Но если прогресс все равно неумолимо прокладывает себе дорогу, стоит ли ради этого терпеть лишения, подвергаться унижениям, жертвовать жизнью? Для Чарльстона именно этот вопрос имеет решающее значение. Прошел месяц с того дня, как он отказался следовать за Стритером. Что с ним теперь? И летчик снова появляется на сцене, теперь уже в воображении Чарльстона. Стритер погиб: при встрече с японским бомбардировщиком его стрелок, китаец, оказался недостаточно расторопным. Если бы на месте этого стрелка был Чарльстон, Стритер остался бы жив. Здесь уже, собственно, дается ответ на вопрос о личной позиции человека. Конечно, история идет своим чередом, но чтобы решить задачу, надо ее решать.

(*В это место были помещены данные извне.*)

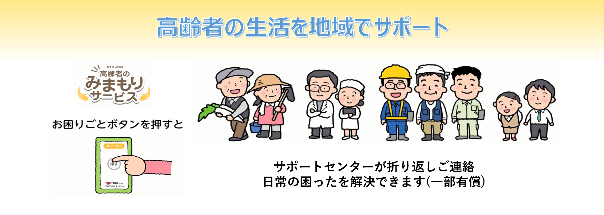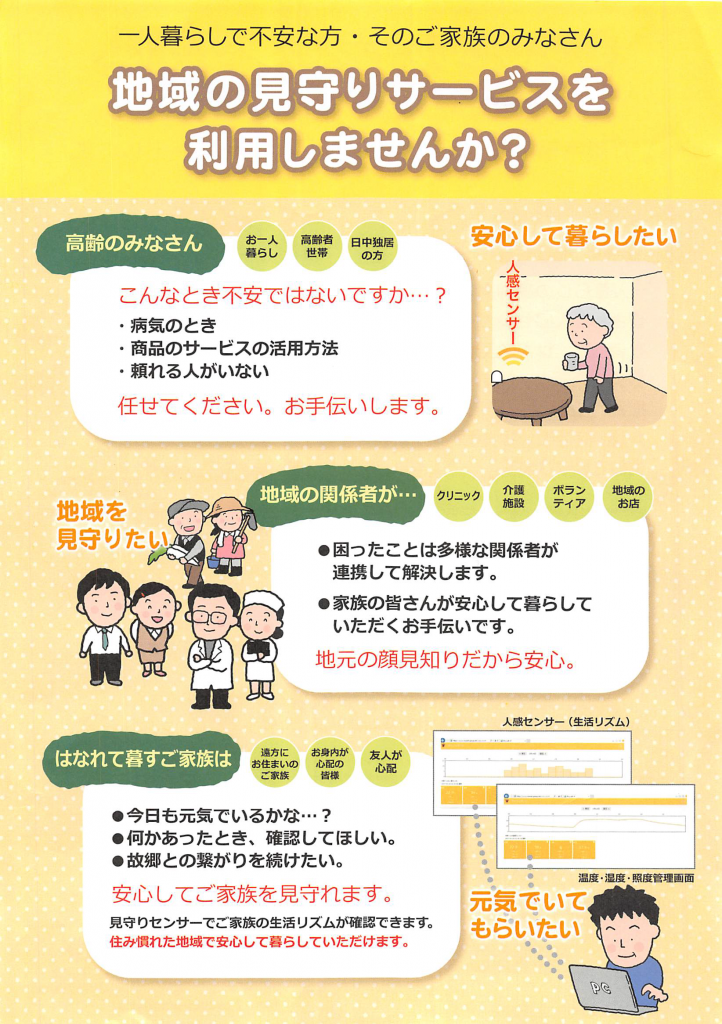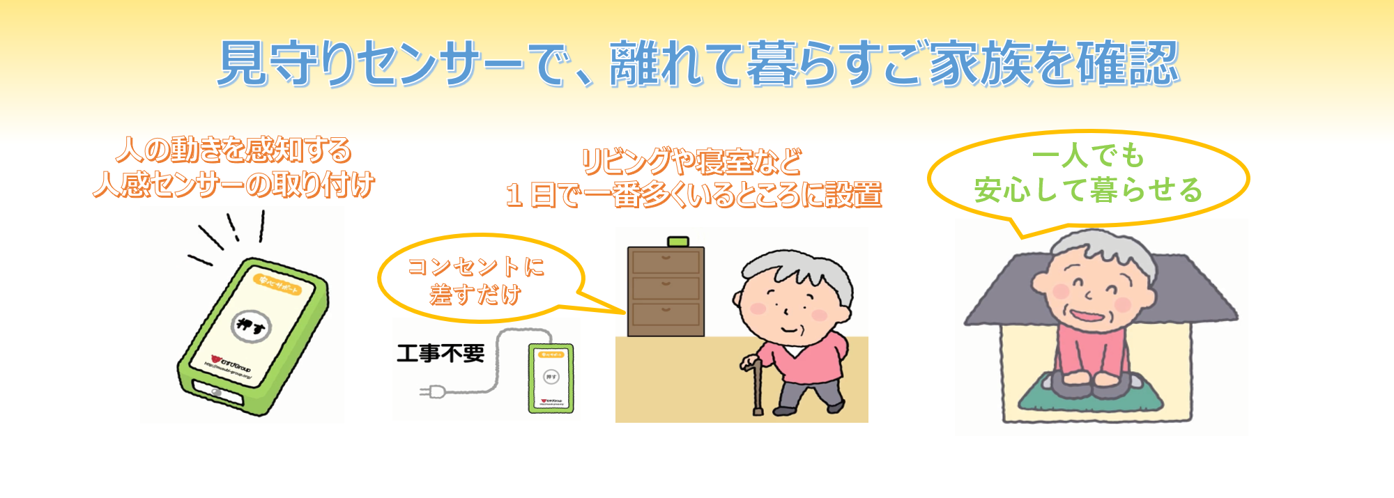 ・見守りサービスは、生活リズムの確認と、日々の生活のお困りごとの解消も目的とするものであり、見守り対象者 の緊急事態や安否をお知らせするものではありません。

Если бы доктор Курц не бросил своих экспериментов, человечество получило бы обезболивающие средства на несколько лет раньше. И мисс Керби не должна была складывать оружие.

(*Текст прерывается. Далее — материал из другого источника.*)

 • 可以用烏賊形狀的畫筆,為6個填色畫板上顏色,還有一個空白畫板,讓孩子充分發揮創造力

В белой рубашке без галстука, с небольшим чемоданом в руках Чарльстон покидает сцену. Так уходят на призывной пункт. И эта ассоциация не случайна. На календаре — 1 сентября 1939 года. На Скале грома уже известно, что гитлеровские танки перешли польскую границу; дальнейший путь Чарльстона лежит через поля сражений с фашизмом.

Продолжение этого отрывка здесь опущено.